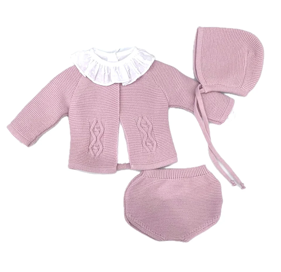 CORALO Completo invernale quattro pezzi, appositamente studiato per i neonati durante i mesi più freddi. Questo set include tutti gli elementi essenziali per mantenere il vostro piccolo caldo e confortevole: camicia ,golfino, coulotte, cuffietta coordinate. Il tessuto morbido e traspirante protegge la pelle delicata del neonato, mentre il design pratico facilita i cambi frequenti. Perfetto come regalo o per costruire un guardaroba invernale completo e coordinato.
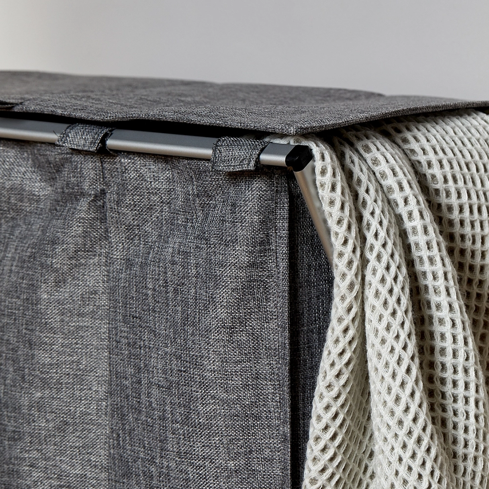Een ander handig kenmerk van deze wasmand is het slimme deksel. Hiermee kun je het vuile wasgoed uit het zicht houden en je badkamer of slaapkamer netjes en opgeruimd houden. De praktische draagriem maakt het gemakkelijk om de wasmand te dragen, zelfs als hij vol is. Het hoogwaardige aluminium frame van de trio wasmand is zowel stabiel als lichtgewicht. Het kan eenvoudig worden ingeklapt om ruimte te besparen wanneer je hem niet gebruikt. Zo kun je hem gemakkelijk opbergen als je hem even niet nodig hebt.
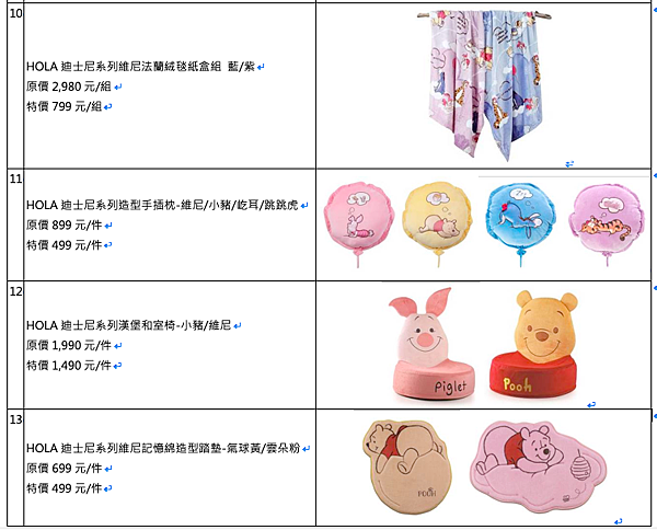 HOLA商品企劃部協理蔡姍吟表示,小熊維尼的愛好者年齡層分佈廣,不僅小朋友愛不釋手,大人也難以招架維尼的魅力,因此,這波聯名商品專為成人設計,成熟中不失童趣,在減壓的鵝黃、淡粉雙主色調下,藉由造型展現商品創意,如:氣球造型手插枕、側邊連帶設計小巧書籤的書本造型抱枕、兼具收納功用的組合式玩偶等,療癒程度直叫人一眼定睛,只想即刻擁有。
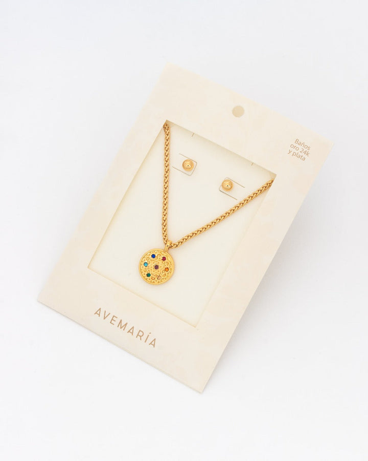 - Dijes del collar en Zamak (aleación de metales) con baño de oro de 24k.
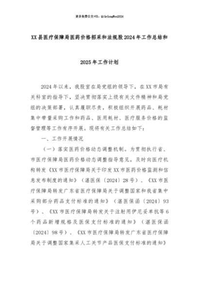 【七哥公文】2024年:XX县医疗保障局医药价格招采和法规股2024年工作总结和2025年工作计划+更多免费公文+VX:QiGeGongWen2024
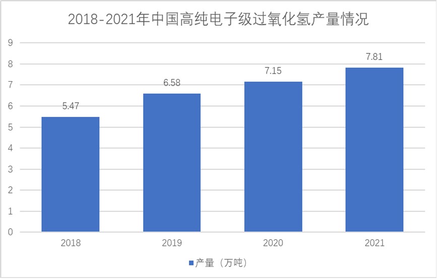 2018年中国高纯电子级双氧水产量为5.47万吨,2021年为7.81万吨,年复合增长率达13%。虽然受疫情的影响,2020年和2021年的产量增长有所下滑,但整体而言,增速仍保持着较高的态势。
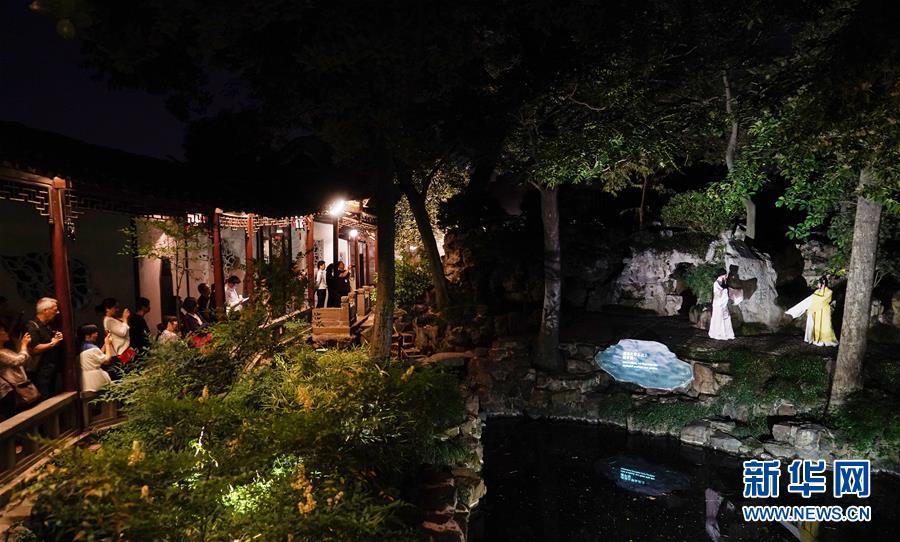 5月29日,觀(guān)眾在江蘇蘇州滄浪亭觀(guān)看新編昆曲《浮生六記》園林版。新華社記者李響攝
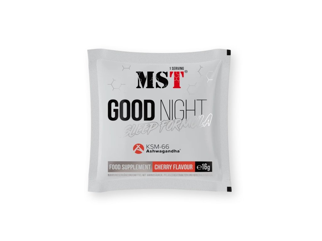 Hledáš přirozenou cestu k hlubšímu a kvalitnějšímu spánku? MST® Good Night Sleep Formula – Cherry spojuje GABA, KSM-66® Ashwagandha, L-theanin, levanduli, L-tryptofan a další složky, které pomáhají uklidnit nervový systém, snížit stres a podpořit klidný spánek. V praktickém 16g balení – ideální na vyzkoušení.
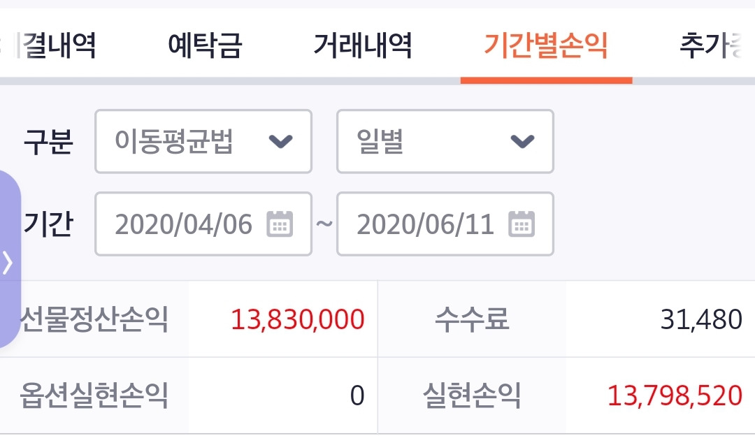 6월 물 선물은 285.70에 끝났지만 만기일 계산은 코스피 200 종가로 하기 때문에 288.62로 계산한다. 차트를 보면 알겠지만 5일선이 20일선을 뚫고 올라온 날 난 기계적으로 매수했다. 그 어떤 나의 생각이 가미되었다면 이렇게 올랐는데 따라서 매수? 그건 아니지 하는 생각에 선뜻 매수하지 못했을 수도 있다. 그러나 난 이 곳에 글을 쓰면서 그 기계적인 매매를 해보겠노라 다짐을 했고 훈련 중이기에 무념무상으로 매수를 할 수 있었다. 그리고 매일 종가에 차트 확인만 했다. 다른 게 아니라 5일선이 20일선을 건드리고 내려가는가만을. 두 달이 넘은 이 기간 동안 단 한 번도 20일선을 뚫고 내려온 적이 없다. 그러므로 난 이익 실현하고픈 맘을 꾹꾹 참고 버텨냈다. 그 훈련 중이니까. 그리고 오늘 대단한 수익을 냈다.
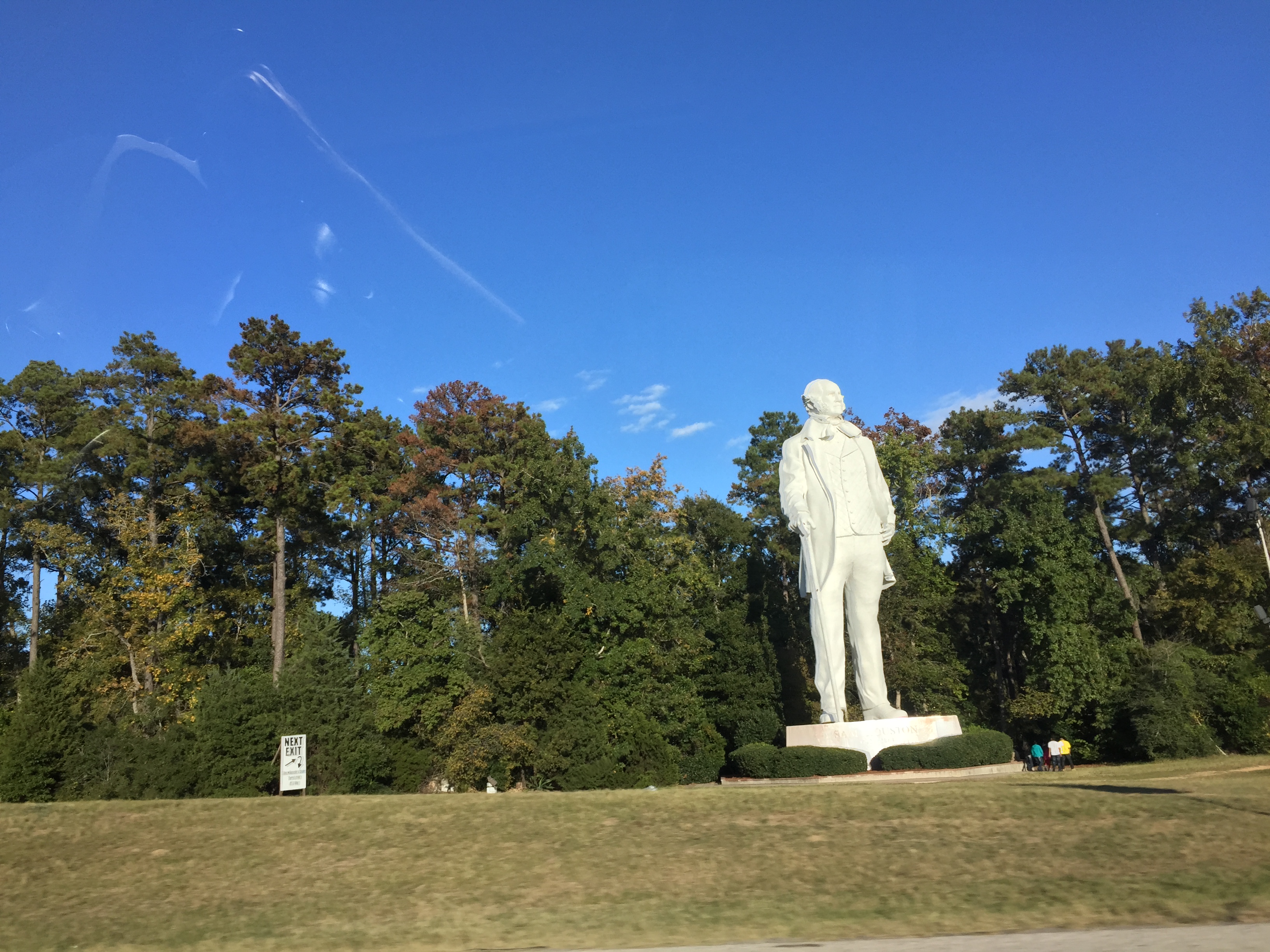 Once it was all over, we were on our way home. After a 35 minute detour, we finally made it to the highway, and after a bit I looked out at all the lovely tall trees surrounding us on both sides of the road on such a pretty day and asked my hubby “Aren’t these beautiful?” “Hmm,” was his reply. It seems he was getting a little claustrophobic after a while and felt the trees were falling in on him. There were tons of pine trees and a bunch of others I couldn’t recognize. Turns out we were driving through the Sam Houston National Forest. Suddenly, after a turn in the road, we see this big honkin’ statue, taller than the trees. It was a statue of Sam Houston himself. Awesome to see, and I had to wonder how it was transported there. I was able to snap a few pictures (please pardon the window glare), and this break in the trees caused my hubby to feel a little less closed in.

--------------------------------

Exercise:
The records above, minus their pictures, are to be returned verbatim.

Solved problem:
 CORALO Completo invernale quattro pezzi, appositamente studiato per i neonati durante i mesi più freddi. Questo set include tutti gli elementi essenziali per mantenere il vostro piccolo caldo e confortevole: camicia ,golfino, coulotte, cuffietta coordinate. Il tessuto morbido e traspirante protegge la pelle delicata del neonato, mentre il design pratico facilita i cambi frequenti. Perfetto come regalo o per costruire un guardaroba invernale completo e coordinato.
Een ander handig kenmerk van deze wasmand is het slimme deksel. Hiermee kun je het vuile wasgoed uit het zicht houden en je badkamer of slaapkamer netjes en opgeruimd houden. De praktische draagriem maakt het gemakkelijk om de wasmand te dragen, zelfs als hij vol is. Het hoogwaardige aluminium frame van de trio wasmand is zowel stabiel als lichtgewicht. Het kan eenvoudig worden ingeklapt om ruimte te besparen wanneer je hem niet gebruikt. Zo kun je hem gemakkelijk opbergen als je hem even niet nodig hebt.
 HOLA商品企劃部協理蔡姍吟表示,小熊維尼的愛好者年齡層分佈廣,不僅小朋友愛不釋手,大人也難以招架維尼的魅力,因此,這波聯名商品專為成人設計,成熟中不失童趣,在減壓的鵝黃、淡粉雙主色調下,藉由造型展現商品創意,如:氣球造型手插枕、側邊連帶設計小巧書籤的書本造型抱枕、兼具收納功用的組合式玩偶等,療癒程度直叫人一眼定睛,只想即刻擁有。
 - Dijes del collar en Zamak (aleación de metales) con baño de oro de 24k.
 【七哥公文】2024年:XX县医疗保障局医药价格招采和法规股2024年工作总结和2025年工作计划+更多免费公文+VX:QiGeGongWen2024
 2018年中国高纯电子级双氧水产量为5.47万吨,2021年为7.81万吨,年复合增长率达13%。虽然受疫情的影响,2020年和2021年的产量增长有所下滑,但整体而言,增速仍保持着较高的态势。
 5月29日,觀(guān)眾在江蘇蘇州滄浪亭觀(guān)看新編昆曲《浮生六記》園林版。新華社記者李響攝
 Hledáš přirozenou cestu k hlubšímu a kvalitnějšímu spánku? MST® Good Night Sleep Formula – Cherry spojuje GABA, KSM-66® Ashwagandha, L-theanin, levanduli, L-tryptofan a další složky, které pomáhají uklidnit nervový systém, snížit stres a podpořit klidný spánek. V praktickém 16g balení – ideální na vyzkoušení.
 6월 물 선물은 285.70에 끝났지만 만기일 계산은 코스피 200 종가로 하기 때문에 288.62로 계산한다. 차트를 보면 알겠지만 5일선이 20일선을 뚫고 올라온 날 난 기계적으로 매수했다. 그 어떤 나의 생각이 가미되었다면 이렇게 올랐는데 따라서 매수? 그건 아니지 하는 생각에 선뜻 매수하지 못했을 수도 있다. 그러나 난 이 곳에 글을 쓰면서 그 기계적인 매매를 해보겠노라 다짐을 했고 훈련 중이기에 무념무상으로 매수를 할 수 있었다. 그리고 매일 종가에 차트 확인만 했다. 다른 게 아니라 5일선이 20일선을 건드리고 내려가는가만을. 두 달이 넘은 이 기간 동안 단 한 번도 20일선을 뚫고 내려온 적이 없다. 그러므로 난 이익 실현하고픈 맘을 꾹꾹 참고 버텨냈다. 그 훈련 중이니까. 그리고 오늘 대단한 수익을 냈다.
 Once it was all over, we were on our way home. After a 35 minute detour, we finally made it to the highway, and after a bit I looked out at all the lovely tall trees surrounding us on both sides of the road on such a pretty day and asked my hubby “Aren’t these beautiful?” “Hmm,” was his reply. It seems he was getting a little claustrophobic after a while and felt the trees were falling in on him. There were tons of pine trees and a bunch of others I couldn’t recognize. Turns out we were driving through the Sam Houston National Forest. Suddenly, after a turn in the road, we see this big honkin’ statue, taller than the trees. It was a statue of Sam Houston himself. Awesome to see, and I had to wonder how it was transported there. I was able to snap a few pictures (please pardon the window glare), and this break in the trees caused my hubby to feel a little less closed in.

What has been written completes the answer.